• **WORK REQUIRED**
Give back exactly the lines of the material below that start at the one holding "การเดินทาง เริ่มจาก ม.ธรรมศาสตร์" and end at the last line, minus the pictures.

• **SUPPLIED DATA**
====

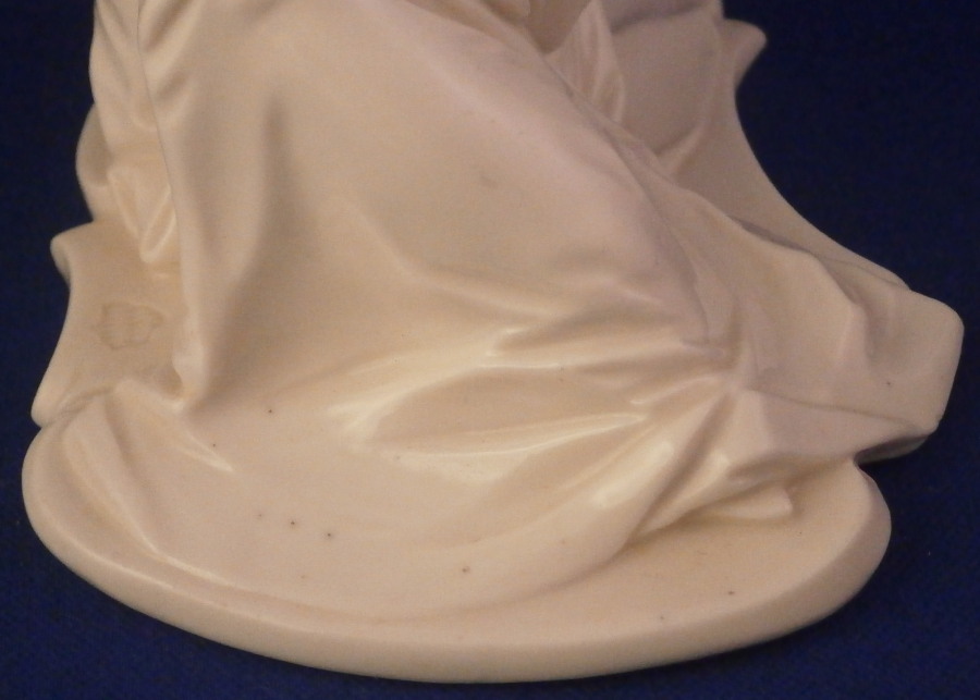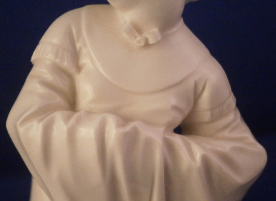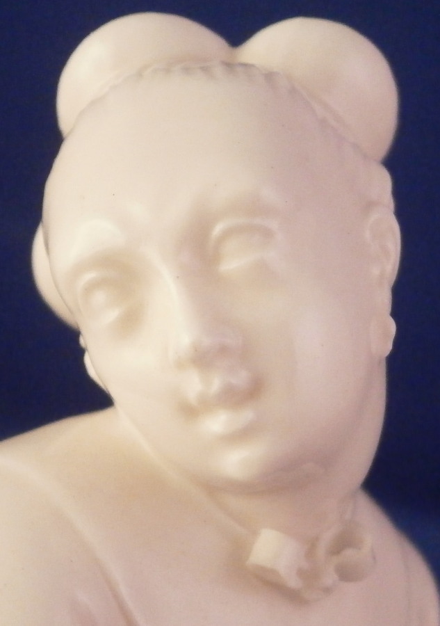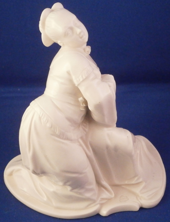 This is a figurine of a Chiense lady - likely a servant - made by Nymphenburg in the early 20th century. Part of the series of figures I have on the site including the bigwig and priests. The figure comes from a series of 17 or 18 figurines I think - this being one of the harder to find pieces. Originally it was off course modelled by Bustelli in the 18th century. This is the blanc de chine version but this also comes in a painted version though I ahve not seen this one in color before. I own a few other pieces from this series as well and they are probably my favorite figures besides the commedia dell'Arte off course. The figurine is of a lady that is likely one of the servants to the bigwig or possibly a lady asking for an audience with the bigwig on his pedestal. She is dressed nicely in a flowing dress with a bow around her neck and another mostly hidden under her arm on the side. She is wearing some sort of hair decoration as well. Lots of little details and all these folds look so realistic which is why Bustelli is still so famous among porcelain nuts like me :) A superb piece that is stunning and elegant looking. The figure is 4.75 inches tall, 3.25 inches wide and 4.5 inches long. It is in great condition with the only flaw being that the hidden bow under her arm has one loop damaged. It does not affect the piece at all when on display. The figurine is marked with the impressed shield mark to the top of the base as well as the impressed numbers 380 and over 0. Please email me for more information or other pictures.
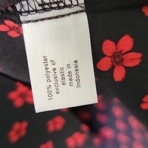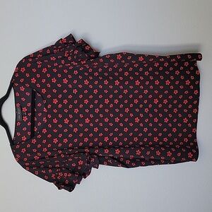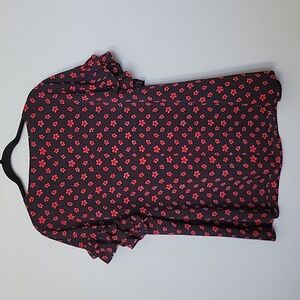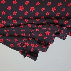 Black with small red florals all over. Ruffles at the sleeves. Short sleeves. Great condition. Thin, lightweight fabric, does minimally stretch. Great for the office or to wear casually. career, workplace, whimsical, girly, sweet twee, romantic, curvy, plus, brunch, church, botanical, garden, dainty, frilly, colorful
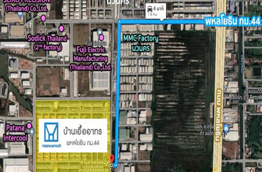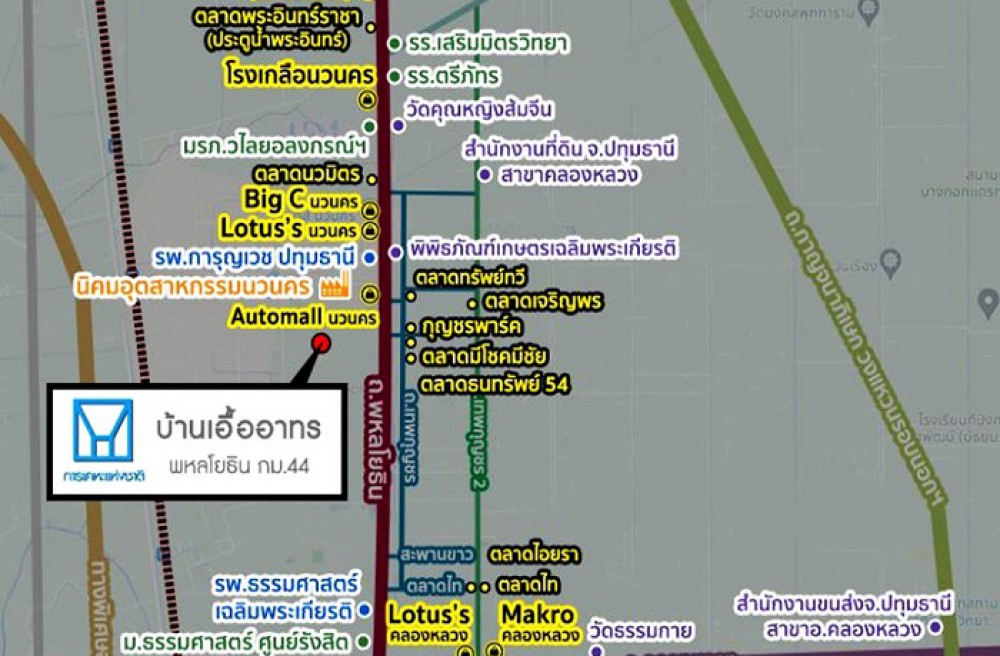 การเดินทาง เริ่มจาก ม.ธรรมศาสตร์ ศูนย์รังสิต ⇒ ถนนพหลโยธิน ⇒ ซอยพหลโยธิน กม.44 ⇒ บ้านเอื้ออาทร พหลโยธิน กม.44 *ใกล้สะพานลอยกลับรถ หน้ามิตซูฯ นวนคร
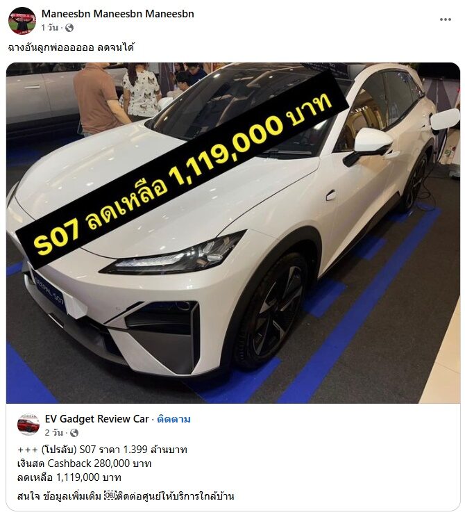 วันที่ 4 พ.ย.67 เฟซบุ๊กเพจ "EV Gadget Review Car" โพสต์โปรลดราคารถไฟฟ้าค่ายฉางอัน ซึ่งเป็นรุ่น S07 จากราคา 1.399 ล้านบาท เหลือ 1.119 ล้านบาท ซึ่งลดลงไปกว่า 2.8 แสนบาท

====

• **SOLUTION FOR THIS EXERCISE**
 การเดินทาง เริ่มจาก ม.ธรรมศาสตร์ ศูนย์รังสิต ⇒ ถนนพหลโยธิน ⇒ ซอยพหลโยธิน กม.44 ⇒ บ้านเอื้ออาทร พหลโยธิน กม.44 *ใกล้สะพานลอยกลับรถ หน้ามิตซูฯ นวนคร
 วันที่ 4 พ.ย.67 เฟซบุ๊กเพจ "EV Gadget Review Car" โพสต์โปรลดราคารถไฟฟ้าค่ายฉางอัน ซึ่งเป็นรุ่น S07 จากราคา 1.399 ล้านบาท เหลือ 1.119 ล้านบาท ซึ่งลดลงไปกว่า 2.8 แสนบาท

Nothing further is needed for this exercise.